First, if I dont specify warn_bad_lines=True,error_bad_lines=False
I get:
Error tokenizing data. C error: Expected 22 fields in line 329867, saw 24
Second, if I use the options above, I now get:
CParserError: Error tokenizing data. C error: EOF inside string starting at line 32357585
Question is: how can I have a look at these bad lines to understand what's going on? Is it possible to have read_csv
return these bogus lines?
I tried the following hint (Pandas ParserError EOF character when reading multiple csv files to HDF5):
from pandas import parser
try:
df=pd.read_csv('mydata.tsv',sep='\t',header=0, skiprows=[1,2,3])

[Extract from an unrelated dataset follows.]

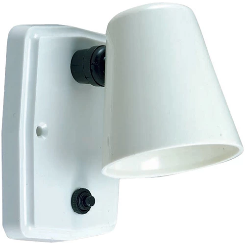 Molded white plastic bulkhead light will accommodate screw socket type bulbs to 40 watts.

except (parser.CParserError) as detail:
print detail
but still get
Error tokenizing data. C error: Expected 22 fields in line 329867, saw 24
The Error tokenizing data may arise when you're using separator (for eg. comma ',') as a delimiter and you have more separator than expected (more fields in the error row than defined in the header). So you need to either remove the additional field or remove the extra separator if it's there by mistake.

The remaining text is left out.